QuestIO accepts text-based query as an input and transforms it into a set of ranked formal language queries (SeRQL or SPARQL). The top ranked queries are executed until a non-empty set of results is found and returned to the user. In what follows we give brief overview of the system (see Figure 1).

Figure 1. QuestIO Workflow

Initialisation of the system

To initialise QuestIO automatically we preprocess the ontology resources (e.g., classes, instances, properties and property values) and extract lemmas of all human-understandable lexicalisations. These lemmas are stored in a dynamic gazetteer list which is used by the subsequent components in the process of query interpretation. It is essential that the gazetteer list is updated on the fly, because it needs to be kept in sync with the ontology, as the latter changes over time.

Figure 2: QuestIO diagram

Figure 1: QuestIO diagram

Key components of QuestIO are shown in Figure 2. Each query is interpreted using the Query Interpreter in the User Interface. It is then analysed by two components, each of which is a separate GATE pipeline application. Firstly, the Key Concept Identification Tool (KCIT) identifies key concepts inside the query. Identified key concepts refer to mentions of ontology resources such as instances, classes, properties or property values. The query is processed with the same language processing resources we used when extracting lemmas in the previous phase, so that we can then match the extracted lemmas from the ontology resources and the lemmas from the query. In this way, we are matching all existing morphological inflections of the relevant terms. Secondly, the Context Collector collects all words from the query that are not recognised by KCIT, but could be useful in the process of generating the formal query, e.g. keywords.
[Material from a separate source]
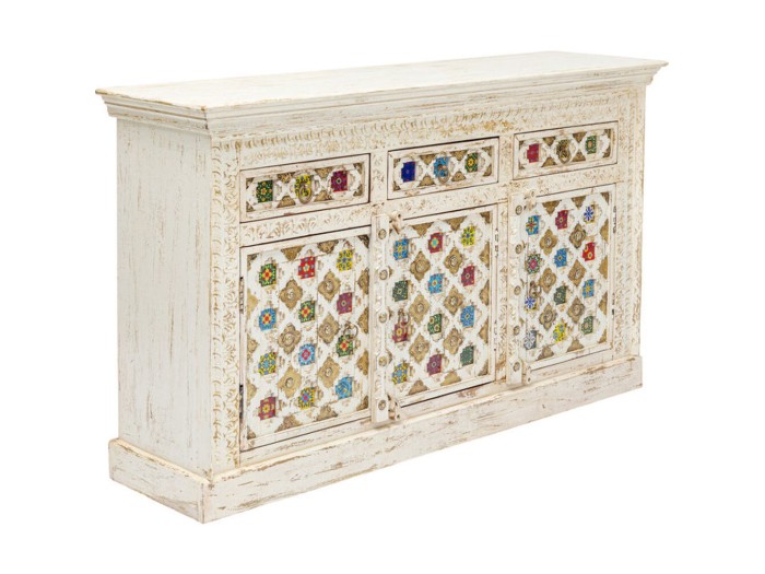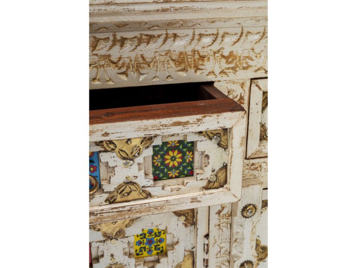 Ένα πραγματικά μοναδικό κομμάτι, αυτό το sideboard από φυσικό μασίφ ξύλο σε αντικέ στυλ, εντυπωσιάζει με τις πολύχρωμες κεραμικές πλακίδες, τις περίτεχνες ξυλογλυπτικές και τις μεταλλικές λεπτομέρειες σε απόχρωση ορείχαλκου. Εκτός από τη ζεστή του αισθητική, προσφέρει άφθονο αποθηκευτικό χώρο, γεγονός που το καθιστά ιδιαίτερα πρακτικό. Ένα έπιπλο σε shabby chic αισθητική, που γεμίζει τον χώρο με χαρακτήρα και ατμόσφαιρα.

To give an example, in a query What are the countries located in Europe?, KCIT annotates countries as a mention of the class Country, and Europe as an instance of the class Continent. What are is a key phrase and in is a keyword, both of which will be annotated by the Context Collector as they could be used later to help disambiguate the formal queries or to filter results, so that the results for the query What are the countries located in Europe? would be the list of countries, whereas for the query how many countries are located in Europe? the result would be the number of countries. Additionally, the Context Collector extracts the text between all identified key concepts which are called chunks.

Next, the Query Analyser (see Figure 3) uses the identified key concepts from the KCIT to infer any potential relations that are defined between these concepts. These relations are then ranked based on the string similarity with relevant chunks, and also based on their position in the ontology: those that are more specific, and whose domain and range classes are more specific, are ranked higher in comparison to others. These are then transformed into a set of ranked SeRQL/SPARQL queries, which are executed and the result is sent back to the user.

Figure 3. Query Analyser